Introduction
Endometriosis staging tools have undergone forty years of evolution and multiple iterations, however none has yet gained universal acceptance. The proposed utility of an endometriosis staging tool is also not universally agreed. It is acknowledged that endometriosis staging has an important role in stratifying the disease for research purposes (1), predicting surgical complexity and potentially having a utility with reimbursement (2). Ideally, assignment of an endometriosis stage might be useful in communicating clinically relevant disease severity. To date this has not been achieved. Survey data suggests that most users of existing endometriosis staging tools site a lack of clinical relevance as the main limitation, and would welcome a new tool (3).
The first attempt at classifying endometriosis was published in Lockyer’s book “Fibroids and allied tumors”, in 1918 (4). Since then, the most well-known and widely utilised staging system has been the revised American Society for Reproductive Medicine (rASRM) classification. The system was first published by the ASRM in 1979 (5) and has undergone two revisions, the latest in 1996 (6, 7). Endometriosis is notorious for poor correlation between disease burden and symptomatology. This phenomenon has made it difficult to develop a classification system that predicts clinical outcomes relevant to the patient, which is one of many criticisms of the rASRM staging system (8). It does not correlate with pain, quality of life, fertility or treatment outcomes (8, 9). In addition, it has been criticised for failing to address deep endometriosis and retroperitoneal structures (8, 9). It is arguably time-consuming and cumbersome to use. It’s usefulness is further challenged by the fact that poor interobserver variability has been demonstrated (10).
The three best known attempts at improving the rASRM system have been #Enzian, the Endometriosis Fertility Index (EFI) and the 2021 AAGL Endometriosis Classification. The #Enzian classification system, most recently updated in 2021 (11) after several iterations (12, 13), was originally designed to complement the rASRM system and address deep endometriosis (14). The latest edition is more comprehensive and designed to stand alone encompassing both deep disease, superficial endometriosis and adhesions (11). #Enzian does not result in a global severity stage. Rather, it maps disease in seven separate anatomical domains. It is therefore difficult to quantifiably compare #Enzian to any staging tool.

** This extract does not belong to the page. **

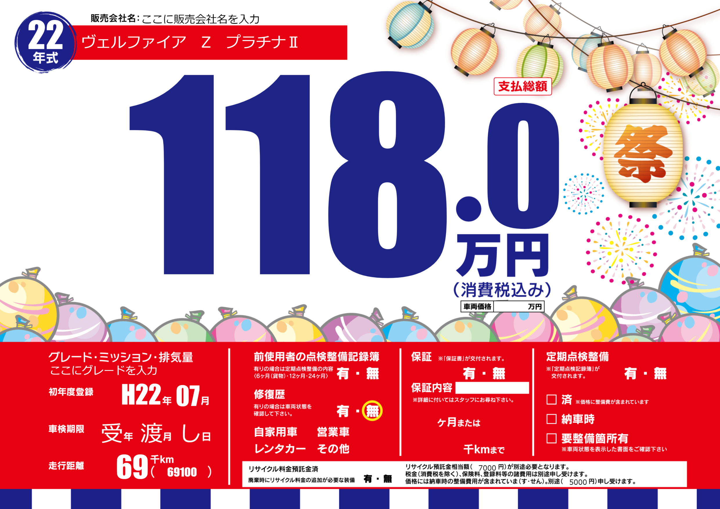 | 車名 | ヴェルファイア Z プラチナⅡ | グレード ミッション 排気量 |

The EFI is a scoring tool that aims to predict pregnancy rates in individuals with endometriosis (15). It incorporates three components: surgical findings in the form of the rASRM, a functional score of the tubes and ovaries and clinical factors such as age, duration of infertility and previous pregnancy. A recent metanalysis of seventeen studies found the EFI performs well at predicting spontaneous pregnancy rates (16). The tool has also demonstrated good inter-observer agreement (17). Most disagreements in EFI occurred on account of differences in the rASRM score component, suggesting the tool might be amenable to improvement by replacing rASRM with another global staging system.

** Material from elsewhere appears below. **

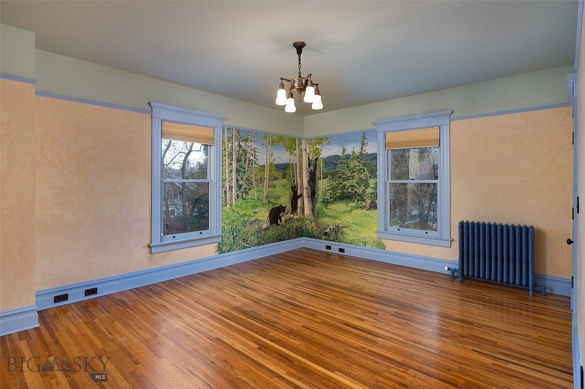 This cozy corner bedroom features honey-toned hardwood floors and soft, buttery yellow walls accented with light blue trim. Natural light floods in through two large windows, fitted with simple beige shades, creating a bright atmosphere perfect for a family. The focal point of the space is a whimsical wall mural between the windows, depicting a lush forest scene with playful black bears, adding a child-friendly and imaginative touch. The room’s classic radiator provides efficient heat, while the central light fixture with five bulbs ensures the space is well-lit. The open layout offers flexibility for various furniture arrangements.

The “2021 AAGL Endometriosis Classification” staging system, henceforth referred to as the AAGL system, like its predecessor the rASRM, is a points-based staging system (2). A table of anatomical and pathological laparoscopic findings are listed which generate corresponding points, directly proportionate to disease severity. The total point score is then applied to thresholds that determine surgical complexity stages 1 to 4. A large prospective trial demonstrated a high concordance between the AAGL stage and surgical complexity, superior to the rASRM when compared head-to-head (2). Correlation with pain and fertility was also demonstrated, again, superior to the rASRM (2). To our knowledge, this staging system has yet to be externally validated in terms of its stated purpose as a diagnostic tool for predicting surgical complexity. Our objective is to externally validate the diagnostic test performance of the AAGL system.